SUPPLIED MATERIAL →
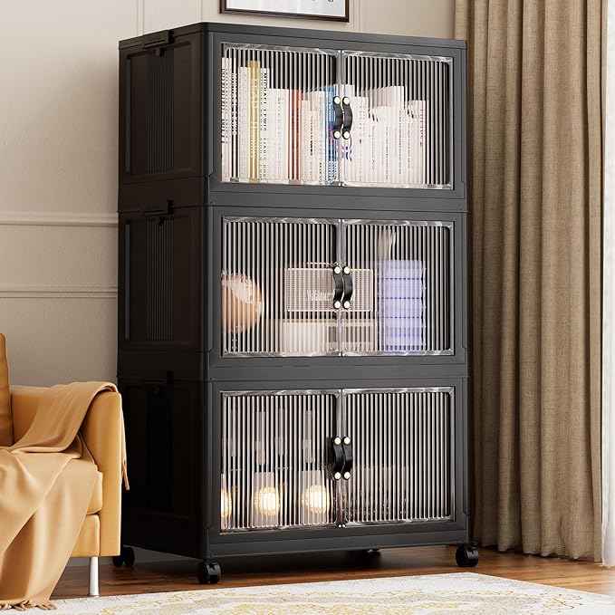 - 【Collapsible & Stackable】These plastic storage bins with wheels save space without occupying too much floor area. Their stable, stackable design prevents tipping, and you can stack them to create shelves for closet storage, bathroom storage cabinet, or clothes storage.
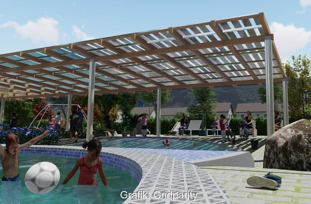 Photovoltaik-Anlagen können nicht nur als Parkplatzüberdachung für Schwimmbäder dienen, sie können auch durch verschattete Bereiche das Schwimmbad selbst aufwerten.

...

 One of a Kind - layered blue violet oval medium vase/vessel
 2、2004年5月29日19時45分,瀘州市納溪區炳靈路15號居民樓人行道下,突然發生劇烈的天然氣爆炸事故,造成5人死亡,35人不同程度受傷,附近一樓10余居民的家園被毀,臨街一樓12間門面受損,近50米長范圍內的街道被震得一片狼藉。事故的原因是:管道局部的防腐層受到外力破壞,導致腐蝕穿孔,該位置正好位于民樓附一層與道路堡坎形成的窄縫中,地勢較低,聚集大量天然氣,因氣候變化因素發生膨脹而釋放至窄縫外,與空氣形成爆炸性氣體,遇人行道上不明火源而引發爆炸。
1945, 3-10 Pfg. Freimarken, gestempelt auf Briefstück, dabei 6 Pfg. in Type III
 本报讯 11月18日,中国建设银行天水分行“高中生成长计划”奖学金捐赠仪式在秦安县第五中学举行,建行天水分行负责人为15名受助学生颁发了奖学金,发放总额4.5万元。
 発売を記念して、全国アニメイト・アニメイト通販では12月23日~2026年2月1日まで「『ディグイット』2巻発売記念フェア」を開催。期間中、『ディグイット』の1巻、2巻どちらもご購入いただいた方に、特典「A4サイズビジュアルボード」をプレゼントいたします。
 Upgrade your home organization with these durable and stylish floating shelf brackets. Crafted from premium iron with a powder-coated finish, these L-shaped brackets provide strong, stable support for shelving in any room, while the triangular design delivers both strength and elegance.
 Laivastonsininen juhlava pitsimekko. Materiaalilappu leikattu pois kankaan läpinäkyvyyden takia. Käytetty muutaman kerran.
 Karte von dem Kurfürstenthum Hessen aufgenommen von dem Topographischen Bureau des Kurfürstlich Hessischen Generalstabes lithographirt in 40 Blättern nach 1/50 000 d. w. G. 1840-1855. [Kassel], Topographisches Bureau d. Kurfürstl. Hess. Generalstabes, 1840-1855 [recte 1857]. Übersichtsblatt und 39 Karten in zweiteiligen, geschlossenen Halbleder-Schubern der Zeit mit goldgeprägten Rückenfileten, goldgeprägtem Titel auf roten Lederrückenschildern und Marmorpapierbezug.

--

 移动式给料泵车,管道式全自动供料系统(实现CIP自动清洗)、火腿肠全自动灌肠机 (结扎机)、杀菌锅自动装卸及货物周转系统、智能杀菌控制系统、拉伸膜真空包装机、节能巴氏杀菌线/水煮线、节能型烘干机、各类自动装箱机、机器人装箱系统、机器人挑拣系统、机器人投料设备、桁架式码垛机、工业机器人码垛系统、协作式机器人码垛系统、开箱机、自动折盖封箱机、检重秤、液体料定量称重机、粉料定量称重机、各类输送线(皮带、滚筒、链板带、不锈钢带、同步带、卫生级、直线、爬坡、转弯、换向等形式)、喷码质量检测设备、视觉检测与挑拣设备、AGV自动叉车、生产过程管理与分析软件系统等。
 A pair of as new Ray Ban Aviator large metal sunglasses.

WHAT TO WORK ON →
Reproduce exactly the lines above from the line with "本报讯 11月18日,中国建" to the line with "発売を記念して、全国アニメイ", including both, and add nothing.

WRITTEN ANSWER →
 本报讯 11月18日,中国建设银行天水分行“高中生成长计划”奖学金捐赠仪式在秦安县第五中学举行,建行天水分行负责人为15名受助学生颁发了奖学金,发放总额4.5万元。
 発売を記念して、全国アニメイト・アニメイト通販では12月23日~2026年2月1日まで「『ディグイット』2巻発売記念フェア」を開催。期間中、『ディグイット』の1巻、2巻どちらもご購入いただいた方に、特典「A4サイズビジュアルボード」をプレゼントいたします。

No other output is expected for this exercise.